Opinion

Out of jeopardy as we mark National Newspaper Week?

Wednesday, October 8, 2014

Late Sunday night, nestled in the cool lap of leather luxury, I fell asleep in my Big Comfy Chair as the Sunday Night Football game ambled on to conclusion.

Awakening in that same chair in the wee small hours of the morning, I found the TV still blaring away on Channel 13, and inexplicably Alex Trebek soliciting questions to Double Jeopardy answers.

Barely coherent, I perked right up, however, upon hearing Trebek reveal the Final Jeopardy category. As the clock neared 1 a.m. On a Monday morning.

Smiling, almost smirking at the camera, Trebek announced the final question would involve newspapers. But he couldn't resist adding, "Are they a dying breed? We'll find out after this ..."

Wait a second there, Alex, this is National Newspaper Week. The 74th observance thereof (Oct. 5-11).

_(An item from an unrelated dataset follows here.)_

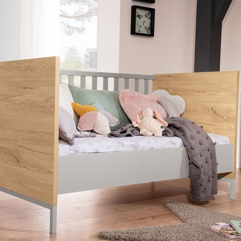 Das Paidi Benne Kinderbett kombiniert helles Kieselgrau mit warmer Eiche-Montana-Nachbildung und lädt zu einem gemütlichen Nickerchen ein. Der 4-fach verstellbare Lattenrost schont in den ersten Wochen und Monaten Deinen Rücken und wandert mit der Entwicklung Deines Kindes weiter nach unten. Wenn Dein Kind selbstständig stehen kann, schützt es in der tiefsten Einstellung vor dem Herausklettern. Dank der zwei Schlupfsprossen in der Gitterseite kann Dein Kind später selbst hinaus- und hineinklettern. Will Dein Kind irgendwann nicht mehr im Gitterbett BENNE schlafen, hast Du die Möglichkeit, die Gitterseiten durch optional erhältliche Umbauseiten zu ersetzen. Im Handumdrehen entsteht dadurch ein schönes Juniorbett, welches bis zu einer Körpergröße von 120 cm nutzbar ist. Statt der einzelnen Umbauseiten bietet Paidi auch ein Sicherheits-Set an. Damit kannst Du das Babybett Benne zu einem Juniorbett mit Wandschutzseite und kleiner vorderen Absturzsicherung umbauen. So schläft Dein Kind fast wie ein Großer. Auf diese Kombination kann man dann zusätzlich noch ein passendes Spielzelt montieren. Achtung: das Spielzelt kann nur auf das Sicherheitsset montiert werden.

No time for you to be making any snide comment, especially when it has nothing to do with the question and answer (which ultimately involved the British tabloid The Sun altering its masthead for a historic occasion).

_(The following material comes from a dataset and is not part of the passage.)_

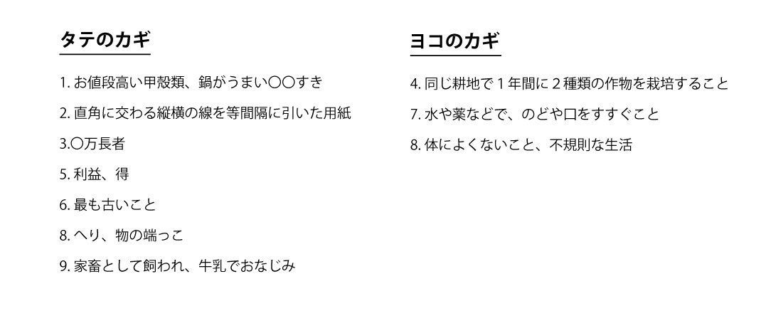 タテのカギ、ヨコのカギからマスに言葉を入れていきましょう。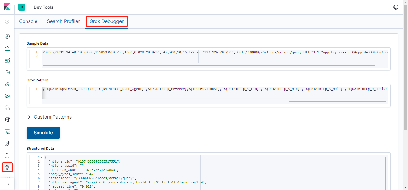 从Kibana 6.4.0版本开始,Dev Tools自带了grok调试功能

After all, did we make snide remarks about how your once stylishly bold mustache has descended into a bland, nearly 50-shades-of-gray lip liner upon its recent re-emergence?

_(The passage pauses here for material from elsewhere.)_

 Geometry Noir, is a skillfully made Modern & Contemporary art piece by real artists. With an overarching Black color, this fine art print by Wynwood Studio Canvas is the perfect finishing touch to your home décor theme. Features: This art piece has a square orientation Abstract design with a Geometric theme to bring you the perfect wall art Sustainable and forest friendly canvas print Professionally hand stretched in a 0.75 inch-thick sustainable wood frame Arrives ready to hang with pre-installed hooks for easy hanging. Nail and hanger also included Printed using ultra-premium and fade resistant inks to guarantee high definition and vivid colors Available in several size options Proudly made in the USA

So, Trebek, as we celebrate National Newspaper Week 2014 (cue all the parades, confetti, cake and piņatas) and its theme of "Newspapers: The Foundation of Vibrant Communities," we take exception to your dying breed comment.

In fact, it smacks of uninformed remarks heard here in the post-IBM closing days, characterizing the Greencastle situation as the "death of a corporate town."

Yay, that's right, never let the facts stand in the way of a good story.

So here we are in 2014, a couple of years past the desperate dying newspaper hysteria. And these are the facts as the Newspaper Association of America reports them:

-- The vast majority of U.S. adults, 164 million (69 percent) to be exact, read newspaper media content in print or online in a typical week, or access it on mobile devices in a typical month.

-- The majority (59 percent) of young adults, ages 18-24, read newspaper media content in print or online in a typical week, or access it on mobile devices in a typical month.

-- The mobile newspaper audience is growing fast, up 58 percent in an average month in the past two years. That totals 34 million adults.

-- The mobile audience skews young. Median age of an adult newspaper mobile user not surprisingly is 17 years younger than the average print reader.

-- Those who are newspaper mobile-exclusive -- that is, those who access newspaper content on mobile devices only -- are younger by four more years (with a median adult age of 33). That audience grew by 83 percent in the past two years.

-- Overall, the total newspaper media audience in a typical week (excluding mobile) dipped two percent, a change in line with TV media and even less than radio. When the mobile audience is included, the decline in total newspaper audience is cut by more than half to less than one percent.

So while, many folks no longer get their fingers ink-stained devouring all the news that's fit to print, it is still newspapers providing their information and local news coverage, whether in hand or online.

But to remain out of jeopardy, it's important that newspapers continue to find other ways of disseminating their product and maximizing revenue streams. You can't give away your product and survive.

Apple doesn't do that. Coke doesn't do that. Newspapers shouldn't either.

Meanwhile, another timely local newspaper survey reveals the following:

-- The average amount of time spent with each edition of a local community newspaper is 38.95 minutes.

-- The percentage who read all or most of each paper is 73 percent.

-- The most frequently read topic remains local news.

-- Adults who rely on community newspapers as their primary source for local news is 51.8 percent (nearly four times more than the next nearest medium and 10 times greater than the Internet).

-- Those who believe their community newspaper's coverage of local news is good to excellent is 75 percent.

Meanwhile, when the Super Bowl is played again this coming February, 49 percent of U.S. households will be glued to the TV. Yet during that same timeframe, 70 percent of those households will be reading a newspaper.

But perhaps my favorite newspaper factoid remains this: The number of printed words on the front page of a daily newspaper exceeds all those spoken in an entire 30-minute network newscast.

Yep, that's the way it is ...

So who's really in jeopardy now, Trebek? Not sure we ever found out like you promised with that final question/answer.

But before we go, in regard to that final "Jeopardy" question: The Sun changed its nameplate to "The Son" in honor of the July 22, 2013 royal birth of Prince George, son of William and Kate.

Yikes. We can only hope journalism like that is indeed a dying breed.